Существует мнение о том, что многие большие художники с годами начинают повторяться – воспроизводить мотивы, когда-то столь удивившие их современников, или до изнеможения отрабатывать новаторский по старым представлениям прием. Полагаю, впрочем, что это скорее инерция зрительского взгляда – достаточно на скорую руку набросать классификацию, как все последующие работы художника будут с легкостью распределяться по уже известным графам. Особенно при наличии излюбленных (или хотя бы повторяющихся) тем. Так, Ивана Чуйкова можно поймать на его любви к окнам. Или открыткам и морю. И это несмотря на то, что настоящей его страстью – причем вполне осознанной – является фрагмент.

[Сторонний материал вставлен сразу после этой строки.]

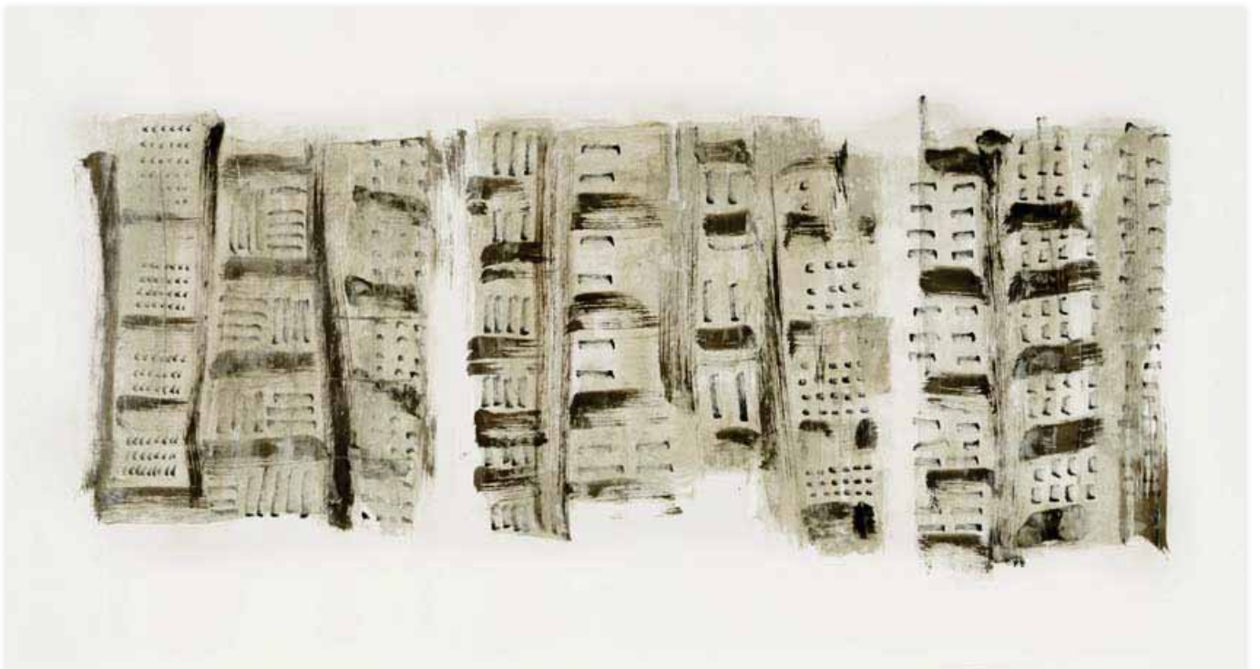
Totems City - papier chinois - technique mixte - 68x135

Elle s'installe en Avignon en avril 2009 et investit le Grenier à sel en avril 2010 pour présenter Totems City et Villes Labyrinthe .

Чем же объяснить настойчивость, которую проявляет зрелый, вполне состоявшийся художник? Что это, и в самом деле признак истощенного воображения или же в отрабатывании какого-то приема, в потребности пройти этот путь до конца прочитываются иные побуждения? Мне кажется, мы, зрители, все время попадаемся на изобразительность – мы не можем отказать себе в удовольствии сопоставлять, а главное –узнавать знакомое. Так происходит даже в том случае, когда речь идет о новейшем искусстве. Что помнят (и цитируют) слушатели из обширного корпуса творений Шнитке? Только танго из «Concerto grosso», то есть тот редкий музыкальный фрагмент, который мелодичен, а стало быть – изобразителен. Остальное предстает неразличимой какофонией. Так же и Иван Чуйков дарит нам случайную радость от встречи с целостным изображением. Но и оно растворено в мощнейшей живописной какофонии. И поэтому знаменитые окна – уже не часть интерьера, правда, приспособленная в посторонних целях, а высказывание, которое должно быть продумано до самого конца.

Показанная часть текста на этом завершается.